When reviewing the facts of this tragic event, it is clear the Walmart driver rear-ended the limousine. The news media, however, spent a great deal of time analyzing the actions of both the Walmart driver and the company he worked for. In a number of instances, the discussions were led by misinformed journalists and included information that was at best highly speculative. During one of the discussions, a news anchor incorrectly quoted hours of service regulations for truckers, citing the 14 and 10 hour rules instead of the 14 and 11 hour rules. In other discussions, the media indicated that the company had allowed the driver to exceed the maximum driving limits allowed under federal regulations. These same news organizations commented on the increase in commercial vehicle crashes over the last two or three years without taking into account the tremendous increase in trucking activity brought about by our improving economy. Much of the public analysis and misdirected angst targets an industry that performs a critical service and faces tremendous obstacles to getting the work done safely.
Truck drivers have a difficult job that is made more challenging by overpopulated roadways and distracted drivers. As a matter of fact, according to the American Trucking Association, 80 percent of crashes involving commercial motor vehicles and cars are caused by car drivers. Large trucks are much safer today than in past decades as many fleets have embraced safety technologies that include telematics (vehicle tracking systems), lane departure warning systems, and speed limiters. Telematics systems can track vehicle location, speed, hard braking incidents, and even seat belt use by the driver in many applications. There are also telematics systems that include video recordings of crashes or near miss incidents.
Safety training for truck drivers has never been more robust. Most operations today have regularly scheduled safety meetings or use some form of computer based training. Many provide specific training for the type of operation and safety issues common to the fleet.
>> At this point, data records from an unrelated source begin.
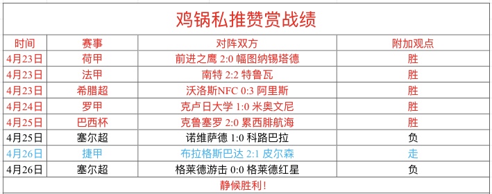 周三私推赞赏2场,结果1走1负,塞尔超差一个球,很可惜,赞赏近7胜5!总进球数1场没有打出,依然差一个球,判断方向依然被数据误导,方向错误,需要深刻总结分析!今日加油,全胜搞起来!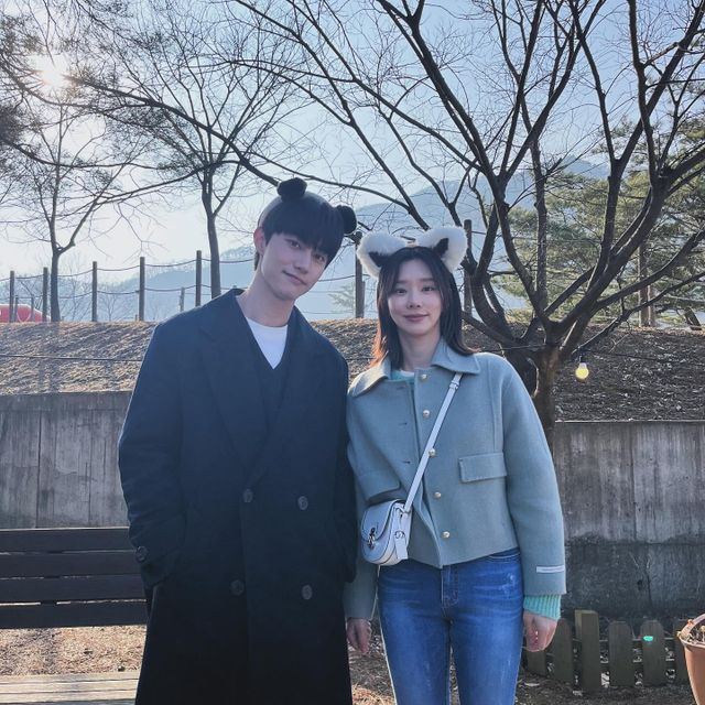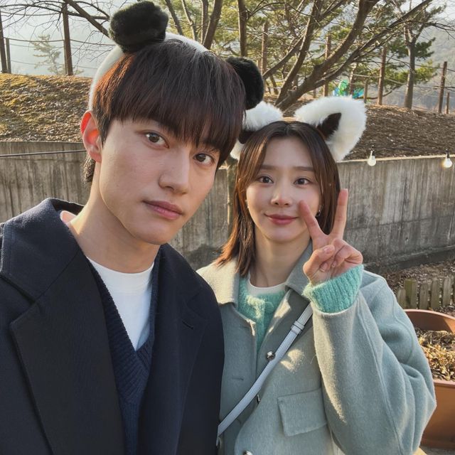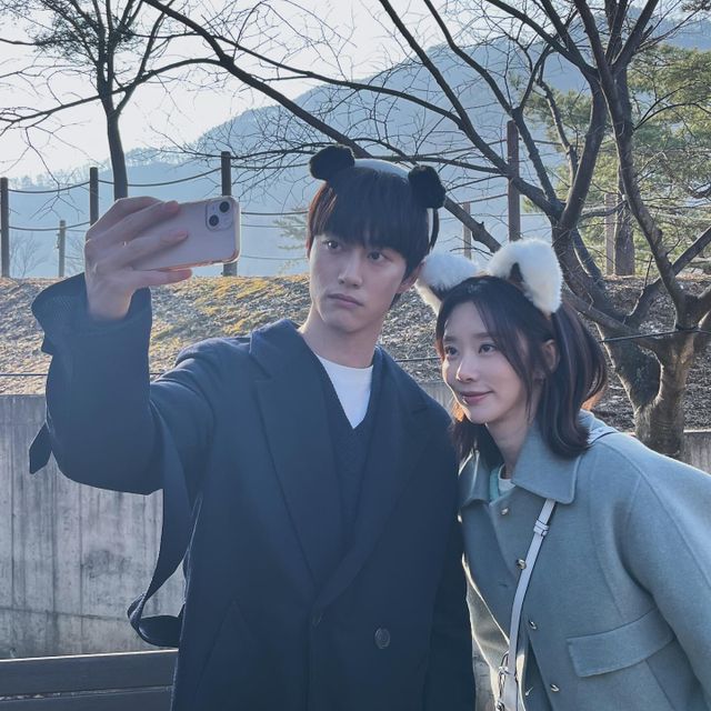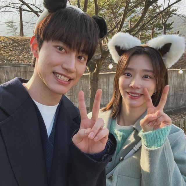 사진 속 이주빈은 곽동연과 동물 귀 머리띠를 하고 환하게 웃거나 브이 포즈를 하며 셀카를 촬영하고 있다.
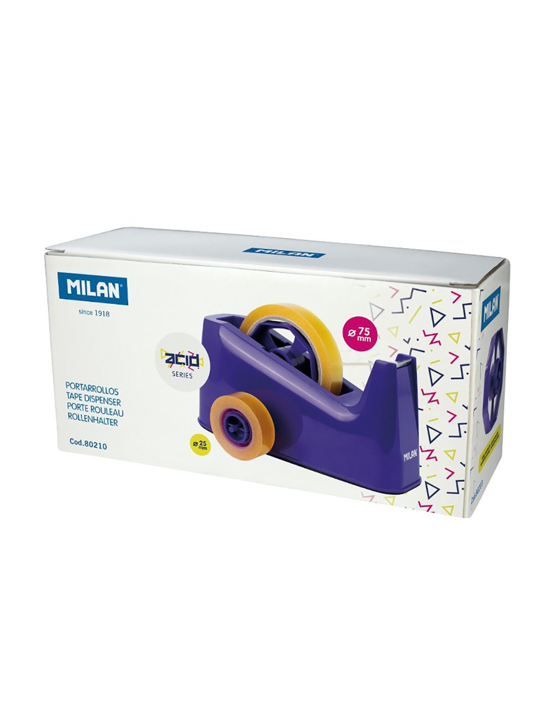 Dispensador de cinta adhesiva transparente 19 mm x 33 m colores surtidos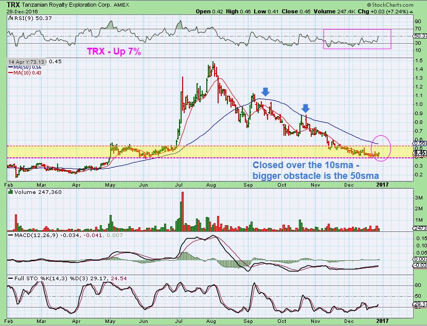 TRX – Yesterdays break above the 10 sma could be the start of a nice move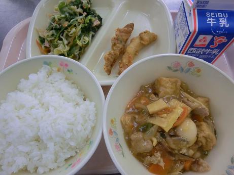 きょうは、 ごはん・牛乳・生揚げの中華煮・わかさぎフリッター 深谷ねぎのナムルでした。 生揚げは、タンパク質や鉄分をおおく含む食材で栄養 たっぷりです。中華煮にするとごはんのおかずとしても おいしくいただけます。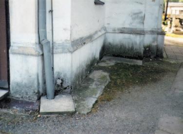 Obrázek 2.5 Nadměrné zavlhčení soklu následkem odstřikující vody a použití nevhodného fasádního nátěru v místě soklu. Chybné napojení dešťového odpadu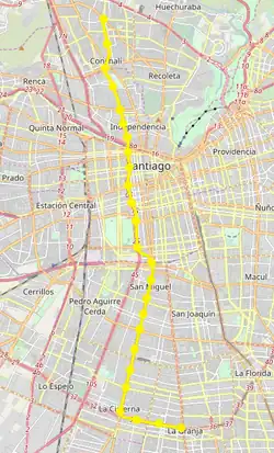 ![]() Recorrido de la Línea 2 del Metro de Santiago. | ||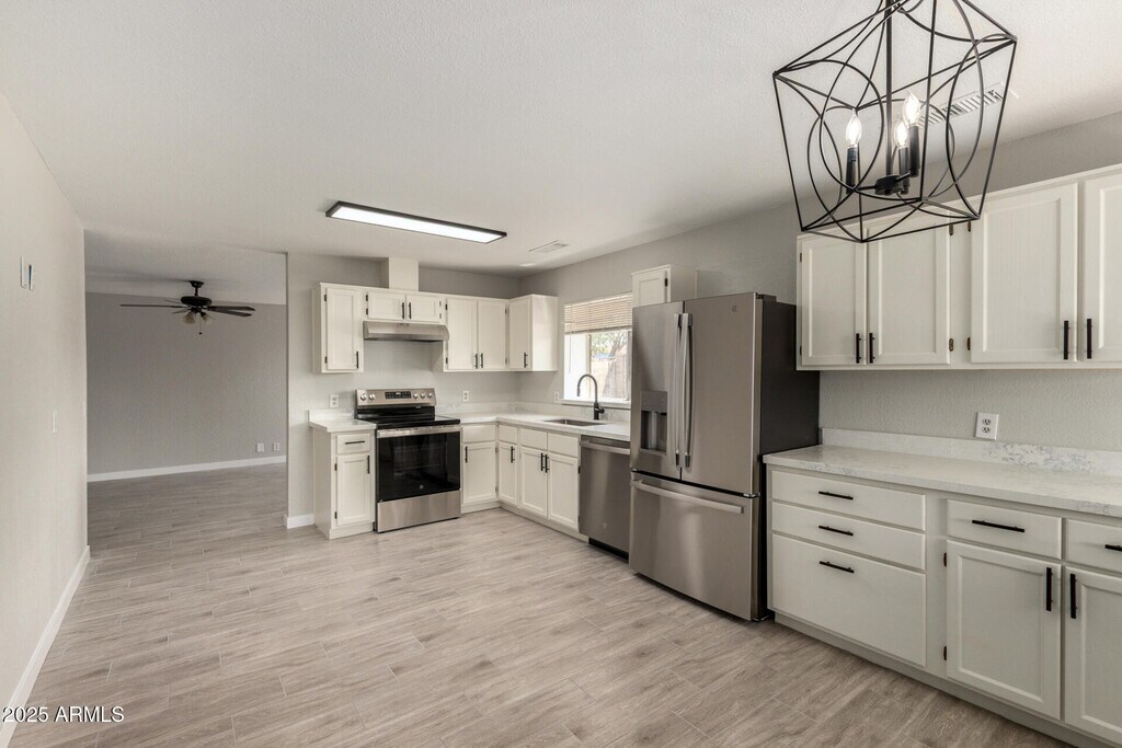 No HOA and large corner lot. Welcome to this move-in-ready home that has been tastefully remodeled! Updated interior boasts fresh paint,wood-look tile flooring,bountiful natural light,ceiling fans,and lovely archways. Large living room offers a cozy retreat,excellent for creating lasting memories with loved ones. Host dinner parties in the formal dining room,or cook with ease in the upscale kitchen,complete with stainless steel appliances,quartz counters,ample cabinetry,and direct access to the back patio. Head to the primary bedroom to find a walk-in closet,a French door leading to the patio,and a private bathroom with dual sinks. Spacious backyard provides a screened-in patio,pergola,and a sparkling pool perfect for the warm summer days. Don't let this gem slip by! Hurry!

There is tremendous pressure coming from the public, the government, and customers to improve fleet safety.
To ensure that a commercial fleet has done its due diligence to maintain a safe operation, it must take a systematic approach to safety. This includes effectively screening new hires and identifying at-risk drivers through the use of a number of tools. These include reviewing driver MVR's (motor vehicle records), remotely tracking key safety metrics on vehicles, conducting pre-hire and ongoing driving reviews. Drivers should also receive education at the time of hire on safe driving techniques and company expectations on vehicle operation. Follow-up education must be provided on a regular basis and documented. Drivers that have been identified as deficient in some way need to undergo remedial training and face disciplinary measures if they do not improve.
It is important that the safety message goes beyond following the rules of the road and defensive driving. Communicating this message is done through words and actions. Drivers need to know that they are the captain of their ship and should not operate in inclement weather or work extended hours. Supervisors must continually talk about safety and the responsibility that every member of the organization has to the motoring public. The goal is to avoid crashes and have drivers return home in the same or better condition than when they started the day. If an unfortunate vehicle collision were to occur, the company should be able to say that it did everything within its power to prevent the occurrence.